This time Maesa herself does not seem to have tried to influence the boy. If we can believe Lampridius’ statements, that crafty old sinner had already managed to worm herself back into the friendship of the boy and his mother, by putting the odium of recent troubles entirely on to the shoulders of her daughter Mamaea. In consequence, it was with a bold carriage that she appeared in public with the Emperor, and in private used her influence with Julia Soaemias, begging her to make it clear to the dear boy that his refusal to take the consulship would be his own undoing. Rome would never endure such a breach of the usual order. The obvious thing would have been for Antonine to go away, but he seems to have thought, right up to midday on 1st January, that the Senate and his relations would give way first. Then, suddenly yielding to his mother’s entreaties, he consented to the plan, and, going to the Senate, he associated Alexander with himself in the consular dignity, thereby signing his own death warrant.

January 1, 222, was the beginning of the end. It is very pitiful to see the multitudinous wiles by means of which, all through his reign, craft circumvented what the Emperor obviously knew was his correct and proper course. Sometimes, as we see, it was his zeal for religion to which they appealed, sometimes his love for his mother. In each case the result was the same, the Emperor did what his political instinct told him was unwise, in response to what he considered a higher motive. The adoption had not carried with it the authority which the women desired; the office of Consul was, therefore, vitally necessary for Alexander’s promotion.
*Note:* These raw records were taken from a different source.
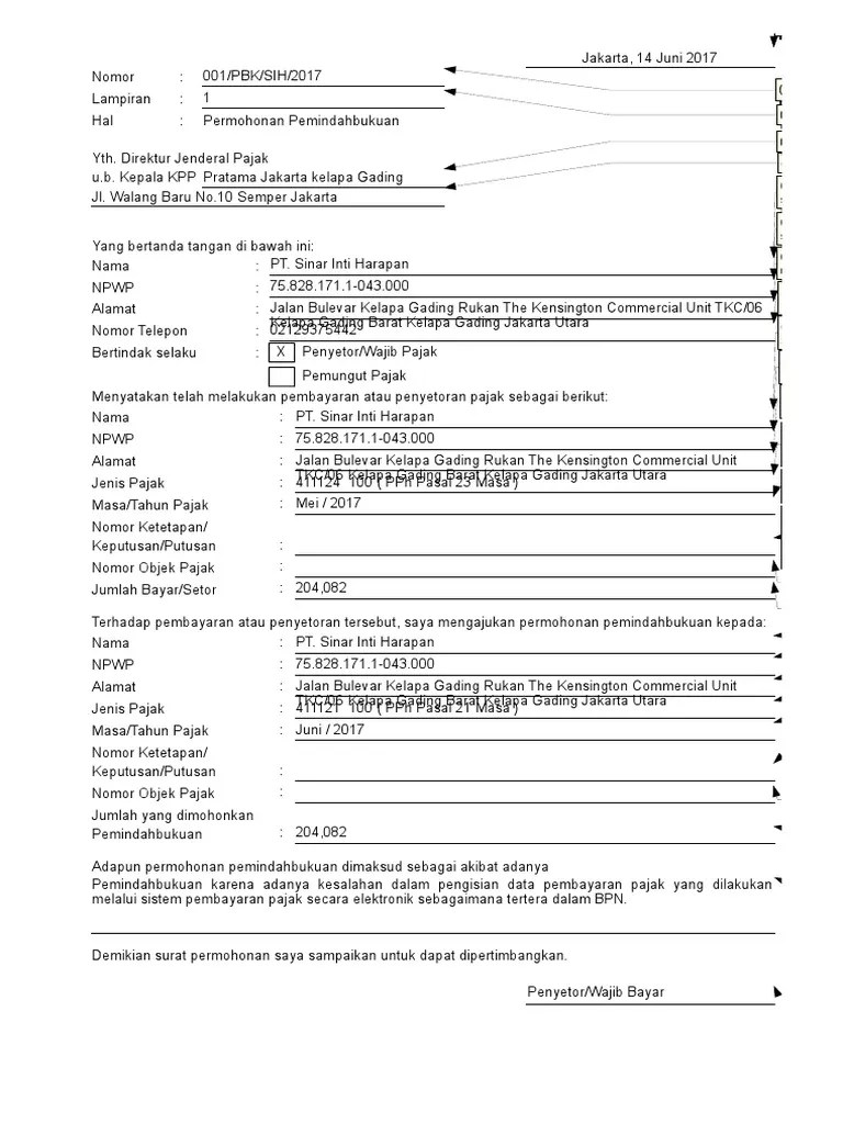 · tempat dan tanggal permohonan diisi . Lebih besar daripada pajak yang terutang dalam surat pemberitahuan, surat . Atau bukti pbk lebih besar dari pajak terutang dalam surat pemberitahuan, . Permohonan pemindahbukuan karena kesalahan pembayaran atau . Melakukan pemindahbukuan wajib pajak harus membuat surat permohonan.
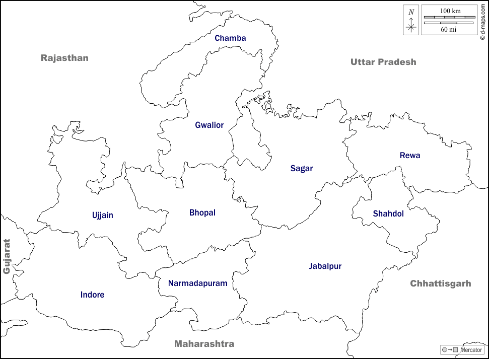 博帕尔 - 昌巴 - 瓜廖尔 - 印多尔 - 贾巴尔普尔 - 纳尔马达普拉姆 - 雷瓦 - 萨加尔 - 沙赫多尔 - 乌贾因
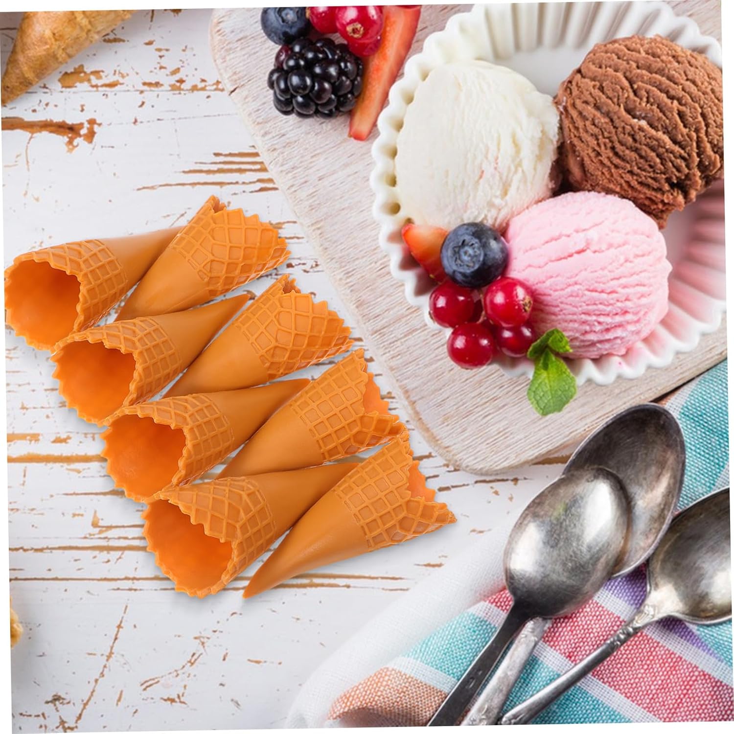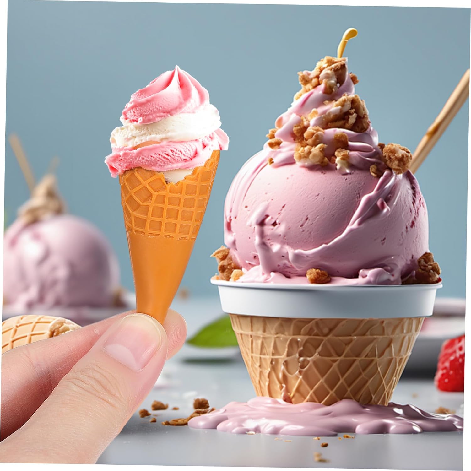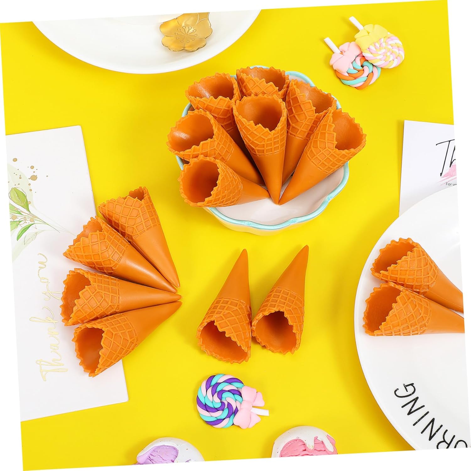 Cono finto: mini cono gelato vuoto realistico e dai colori vivaci, adatto alla maggior parte degli stili di case delle bambole, accessorio per gelato Piccoli coni gelato: puoi lavorare con gli amici su progetti fai da te per sviluppare la loro creatività e immaginazione e trascorrere del tempo di qualità con loro, cono gelato artificiale Giocattolo di simulazione del gelato: con bellissimi accessori fai da te, puoi usare la tua immaginazione per creare bellissimi accessori per capelli, gelato simulato Mini coni gelato: il design adorabile li rende più unici e possono avere un buon effetto decorativo, coni gelato in plastica Cono gelato fai da te: questi piccoli ciondoli a forma di cono gelato sono ideali per creare gioielli eleganti, realizzando oggetti artigianali che possono essere regalati ai tuoi cari, di cono gelato vuoto

Antonine was bound to refuse his consent to the plan; he was permanent Consul if he liked, and would associate no one with himself of whom he disapproved. What did it matter to him if people talked of the discord; had they not done so ever since Maesa and Mamaea started out on their electioneering campaign? The truth would certainly be better for him than his relations’ lies; for himself, he was not afraid of danger, though Soaemias, the well-meaning and artless, was, and for her sake Antonine gave himself up, an unwilling victim, into the hands of his enemies. It was shortly after midday when he went to the Curia accompanied by the self-satisfied little enormity, and there, in the presence of his grandmother, he consented to give the women all that official power and authority which they had hitherto struggled vainly to obtain.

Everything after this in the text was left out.